The President-elect, meanwhile, finds herself in the weirdly disconnected environment of a “safe house” estate in some remote location where the matron of the house apparently likes to watch far right-wing TV commentators. Keane has been told she has to wait for a TV set, yet when she walks upstairs she finds an Alex Jones type bellowing invective against her, against “global treaties and cooperation” and against refugees. The fact that these things are in the real-life ether today is another example of “Homeland’s” particular genius.

Other highlights of “Casus Belli”:

  • The image of Franny watching non-stop news coverage of the aftermath of the terror attack. Fear is burned into her consciousness, like most post 9/11 kids.

  • Franny’s observation about her mother being in the eye of a media frenzy was sharper than anything dished out by President Trump last week: “Why are all those people mad at her?”

  • After the trauma in the bathroom, once again Franny is handed to another couple for safe keeping. There was something ominous in Carrie’s wave as nanny Laticia and her husband (boyfriend?) drive away.

  • Dar Adal’s grudging respect for the depth of Saul Berenson’s commitment when he’s informed that the trip to his sister’s house in the West Bank was a ruse to have a meeting with their Iranian operative Majid Javadi. Unlike Dar, Saul is completely upfront with him about everything, including his suspicion that Mossad coached the Iranian agent Nafisi before Saul’s interrogation. “The whole thing was a charade?” Dar asks. “Awaiting confirmation,” Saul replies. But we’re left wondering if Dar may have been in on the charade at Saul’s expense.

  • “I feel like a deserter,” President-elect Keane says as she’s hustled into a helicopter. Dar Adal makes a point of telling Keane about Carrie’s involvement with Sekou. Will that shake her confidence in the reform agenda that Carrie has helped set?

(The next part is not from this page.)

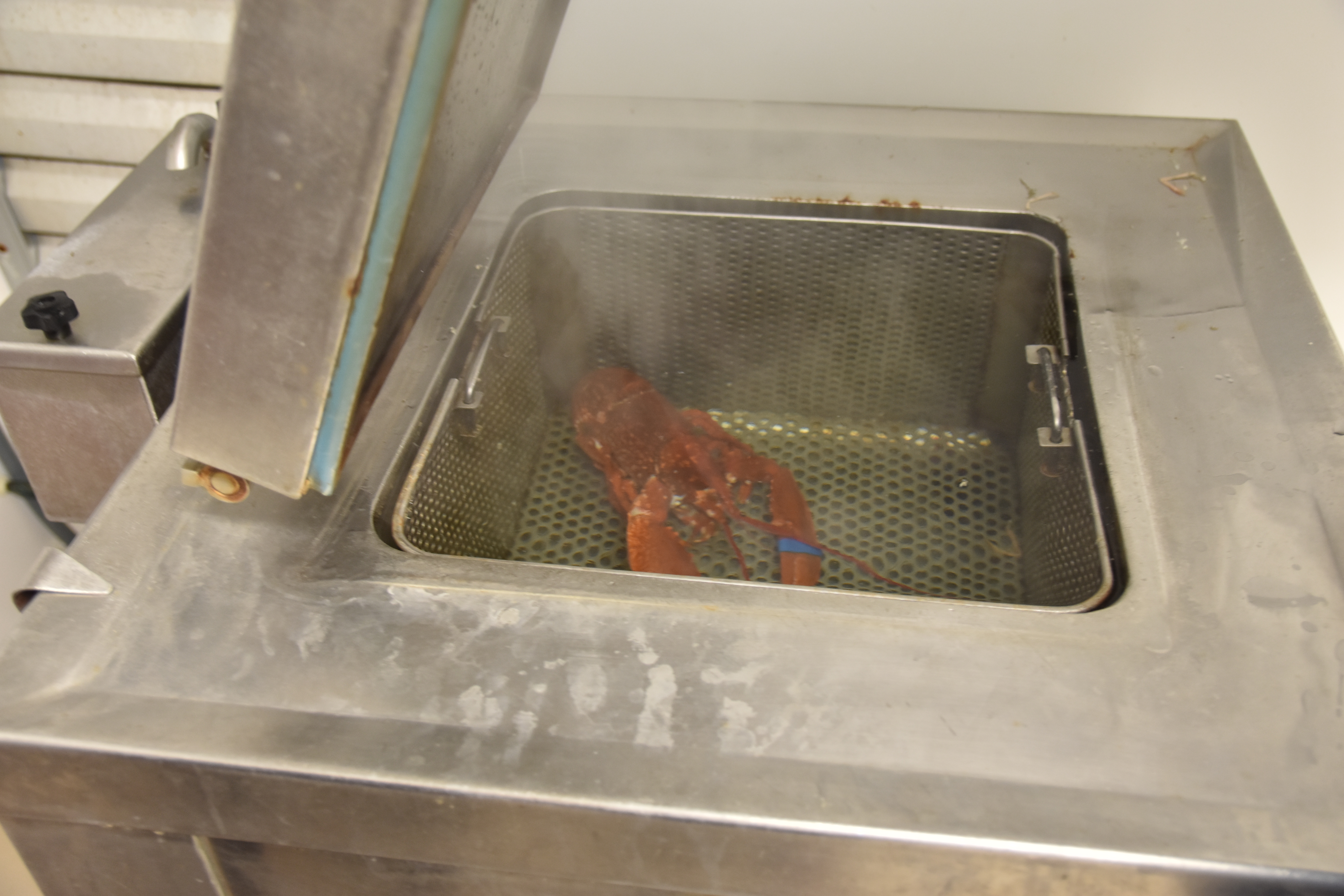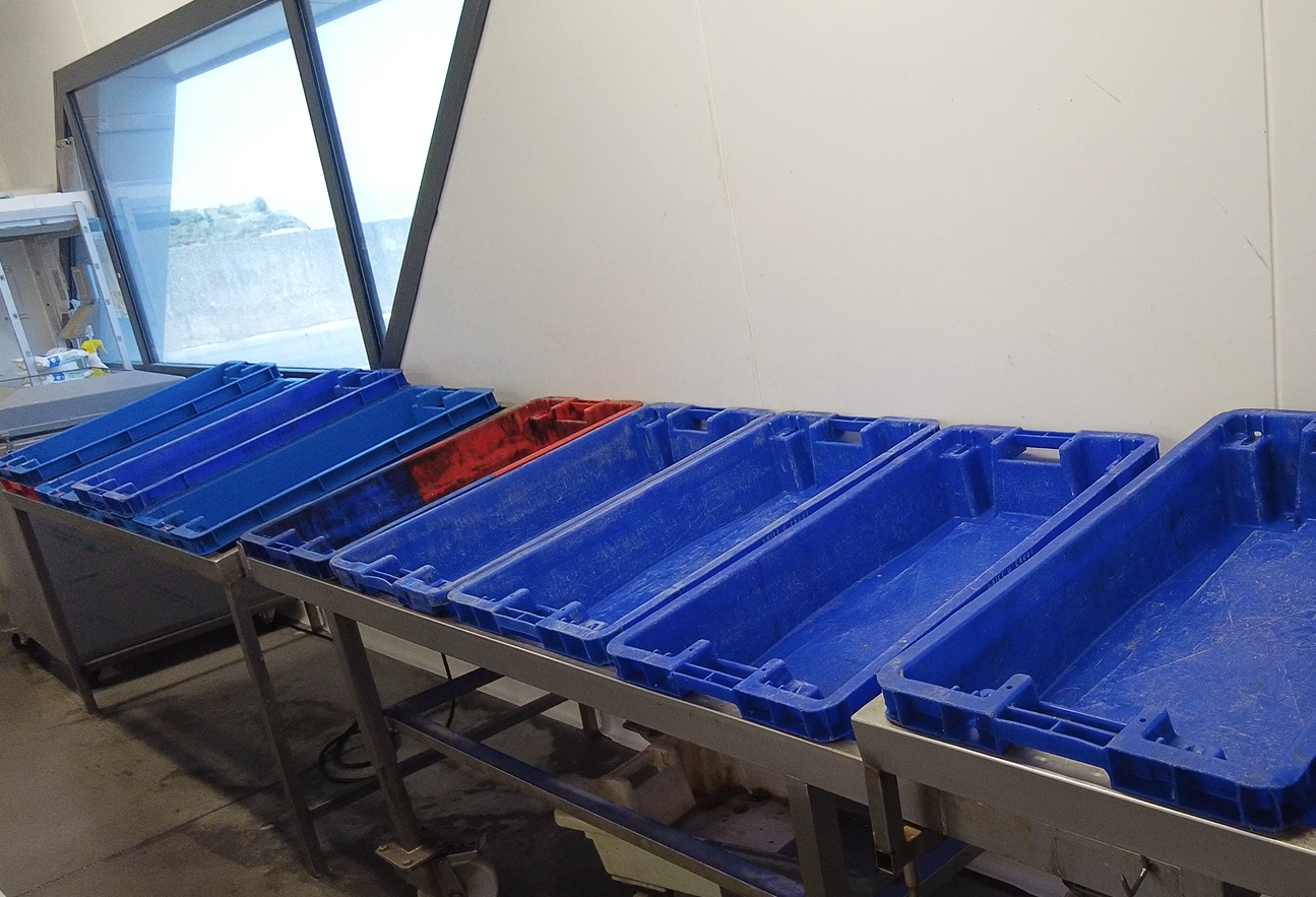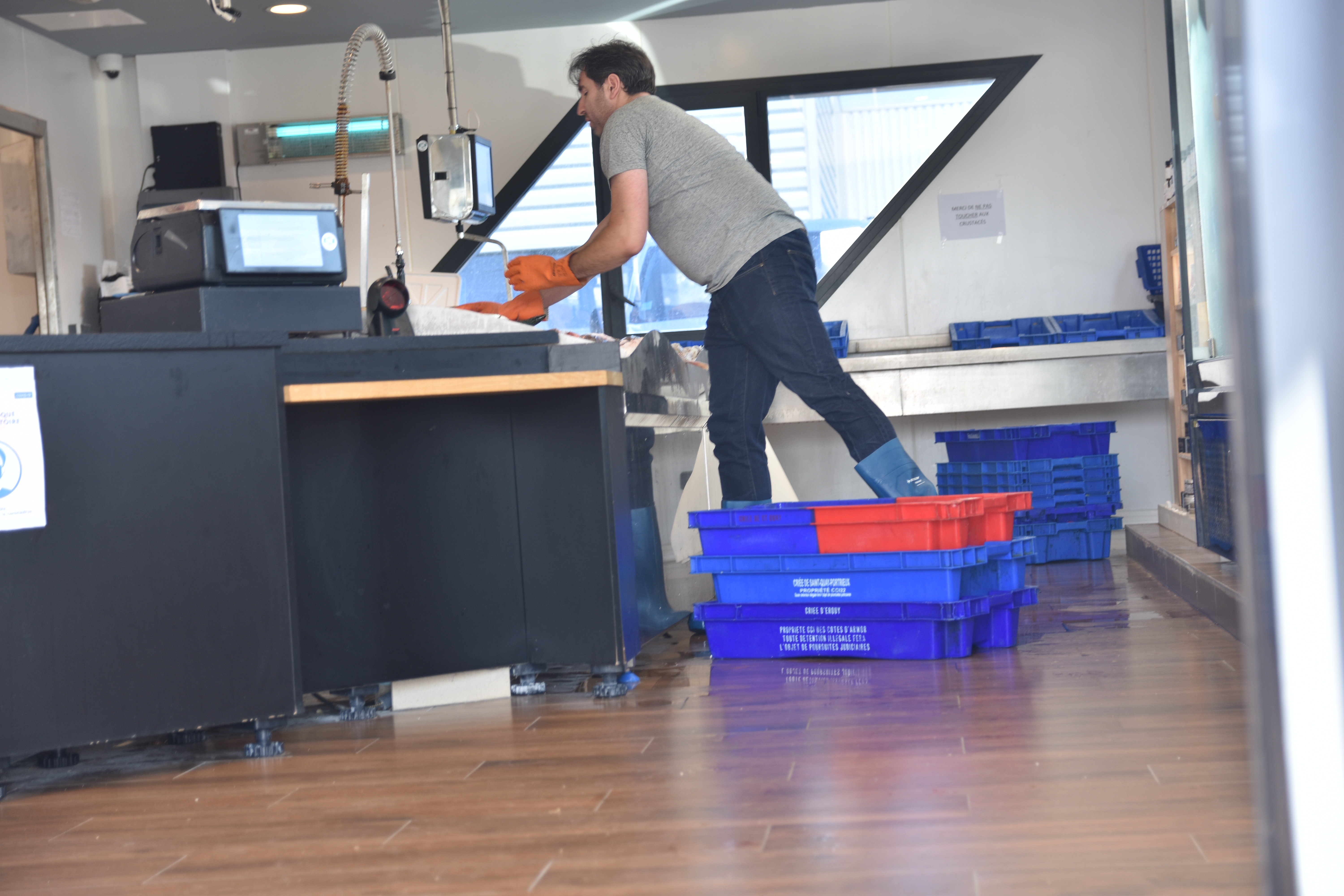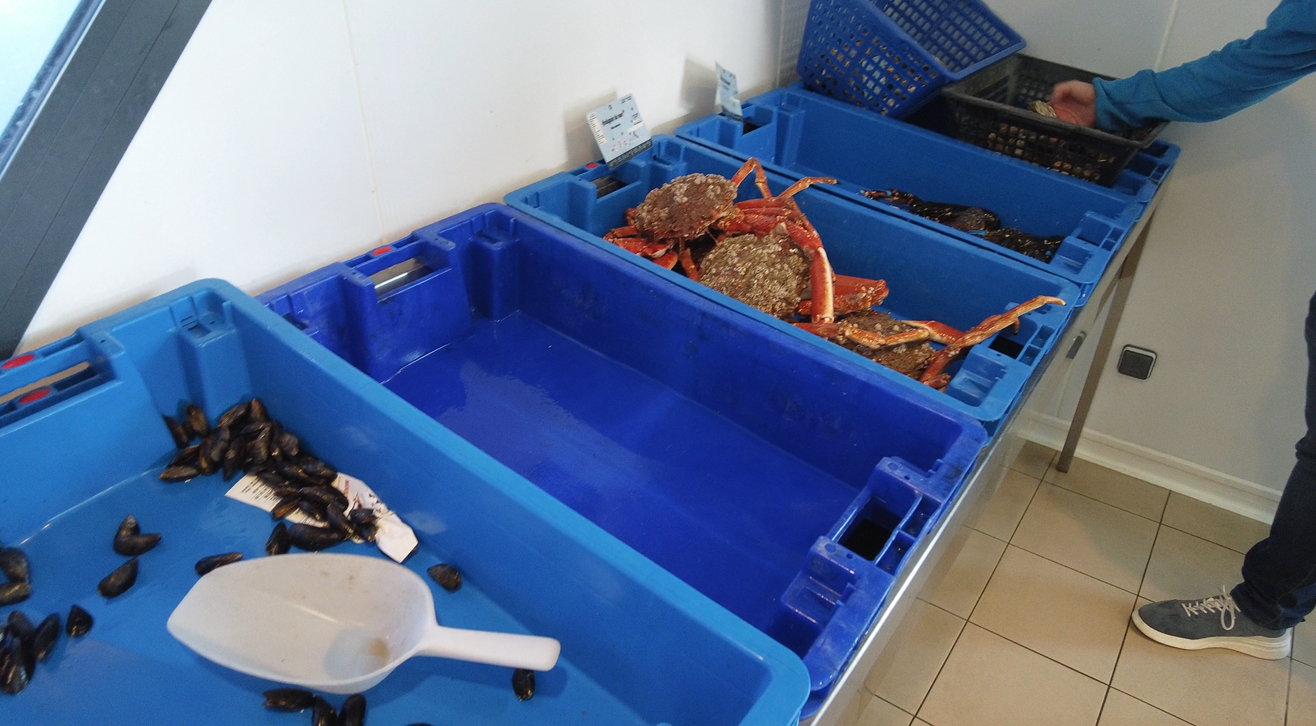 Petit passage express par la salle de cuisson. Lors de la commande de fruits de mer par exemple, les crustacés sont prêts à être mangés. Il y a une phase de cuisson avant emballage, une cuisson à l’eau de mer. L’entrepôt est relié à un réseau d’eau de mer traitée pour ce genre d’utilisation. La cuisson à l’eau de mer apporte plus de goût aux chairs.

  • “A huge misunderstanding” is also an apt description of the circumstances, as far as we know, around the explosion of Sekou’s delivery van. He’s not a jihadist, despite his YouTube screeds, but the victim of forces who turned him into collateral damage to add the fuel of fear to the national security industrial complex. After watching this episode, I found myself wondering about the motivations of Keane’s chief of staff, Rob Emmons. Just a hunch.